An advanced (early) or retarded (late) EVO may be desired depending on the driving conditions (mode). A full load condition will require an early EVO event in order to drop cylinder pressure to exhaust back pressure [14]. The EVO event can be implemented using an EVO-Counter which is triggered at the beginning of the power stroke (i.e., at TDC). The EVO-Counter is a /360 counter which is able to count below 180 for an advance or above 180 for a retard operation. Fig. 5 shows a Quartus II example of an EVO event counter. The first state, Sn, is equivalent to 360°. The last state, S0 is equivalent to 0°. The value of the Rev Counter will be used as an address for EVO LUT. In this location, the counter value stored is 360 − (180 + 57) = 123. So, the loading state, Si = 123 (equivalent to an advance angle of 57°). The states Sn→Si+1 are referred to as ‘wasted’ or unused states. During advance/retard stage (Si→Sk), the EVO counter will be down counting using crank angle clock, clkca (selected by the clock multiplexer, clk-mux. The generated EVO output is used as the control input of the clk-mux). From Sk→S1, the valve will be closing. The EVO coil response time, tcoil, has a contant value of 2 ms (determined from previous study cases [5]). We can’t use clkca here since it is a function of RPM. the EVO output will be high at this time, so the real time clock, clkrt, will be selected so that the coil will be given the required 2 ms to react. So the valve will open 57° ahead of the exhaust stroke as required. The exhaust stroke is positioned at 180° after the trigger (i.e., at BDC).

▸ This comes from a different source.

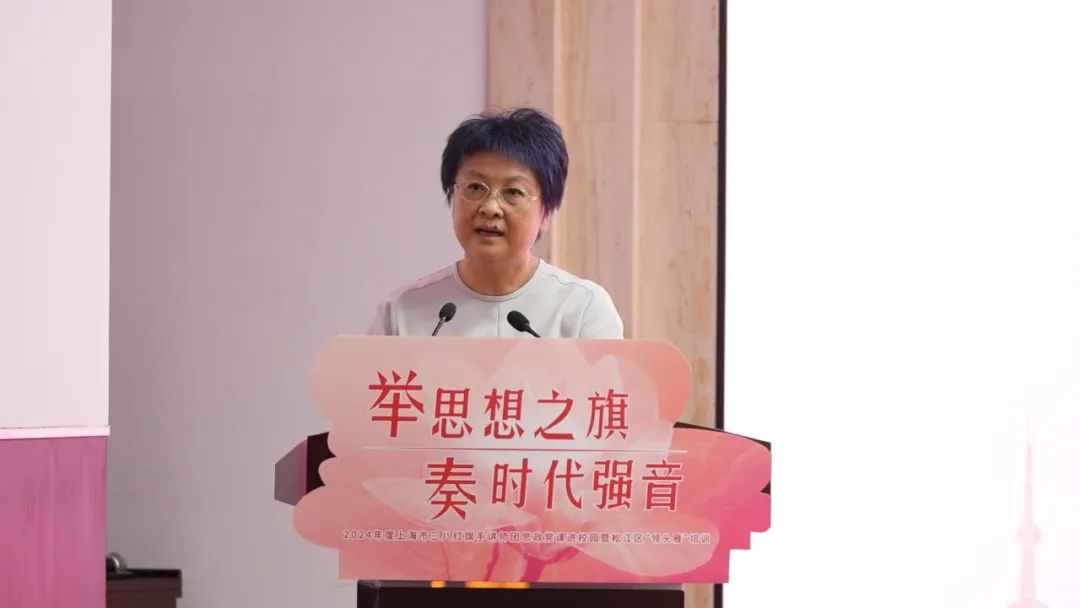 10月16日,由上海市妇联主办,上海市三八红旗手联谊会、松江区妇联与我校联合承办的“举思想之旗 奏时代强音”——上海市三八红旗手讲师团思政党课进校园暨松江区“领头雁”培训活动在我校举行。校党委副书记、副校长、妇工委主任朱晓青,上海市三八红旗手联谊会会长陈岩、松江区妇联党组书记、主席张军梅出席活动,松江大学城各高校妇工委、师生代表,松江区优秀青年女性代表以及松江区妇联2024年“领头雁”培训班全体学员参加活动。

Fig. 5. FSM implementation of cylinder event counters using quartus II.

The other two valve events, IVO and EVC are triggered at BDC. IVO occurs towards the end of the exhaust stroke or just after the intake stroke. EVC occurs before or after TDC. The IVC event on the other hand, is triggered by IVO. It occurs before or after BDC. Just like EVO, a /360 event counter will be appropriate for these valve events, and their state diagrams will be identical to that of EVO.

The other remaining cylinder events, IPW and Spk, are also triggered at BDC. However, each one of these events use a /720 event counter. This is because of the following reason. The spark function, spk, is initialised at the beginning of the exhaust stroke and used in the power stroke, which occurs between 540° and 720° after triggering. Also this gives room for wasted spark implementation (sparking in exhaust and power phases to completely burn off exhaust gases). The IPW event can be implemented in intake stroke or power stroke (as in GDI engine). Notice that the LUT data for IVC and IPW functions comes is the accelerator position data. When driver press on accelrator, more fuel is injected (pulse width increases), and more air is required for combustion (IVC) [15], [16].

The state diagrams for the IPW Spk functions resemble that of Fig. 5. In case of the IPW function, states Sk→S1 represents the injector pulse width, and for Spk function, these states represent the time required to charge up the coil, known as dwell time, cdt. At state S0, Spk will be zero, and the spark coil will discharge, delivering a spark. Note that cdt is calculated so that the coil doesn’t overcharge, a condition which results in coil damage as in some conventional systems [17]. There is no restriction in discharge time as firing will stop once charge is exhausted.

Discussions and Future Directions

We have seen how variable timing can be implemented on cylinder events using interpolated virtual angles. Cylinder event counters are loaded with advance/retard data, so that they count down to the required advance/retard angle. Thus the counters induce a delay before the cylinder event occurs. The delay is implemented through a down counter clocked by clkca during the advance/retard stage and by clkrt during the coil reaction time stage. The proposed IECU worked as expected. The advance/retard calculator presented accurate results, better than the conventional toothed trigger wheel, which has less resolution and is prone to output interference at high RPM.

For future development, the event counters can be replaced by a single cylinder event counter, driving a single LUT, for a simplified design look. To extend this design to a multi-cylinder engine, a firing order is introduced. This basically involves ‘duplicating’ cylinder event functions, resulting in increased external outputs.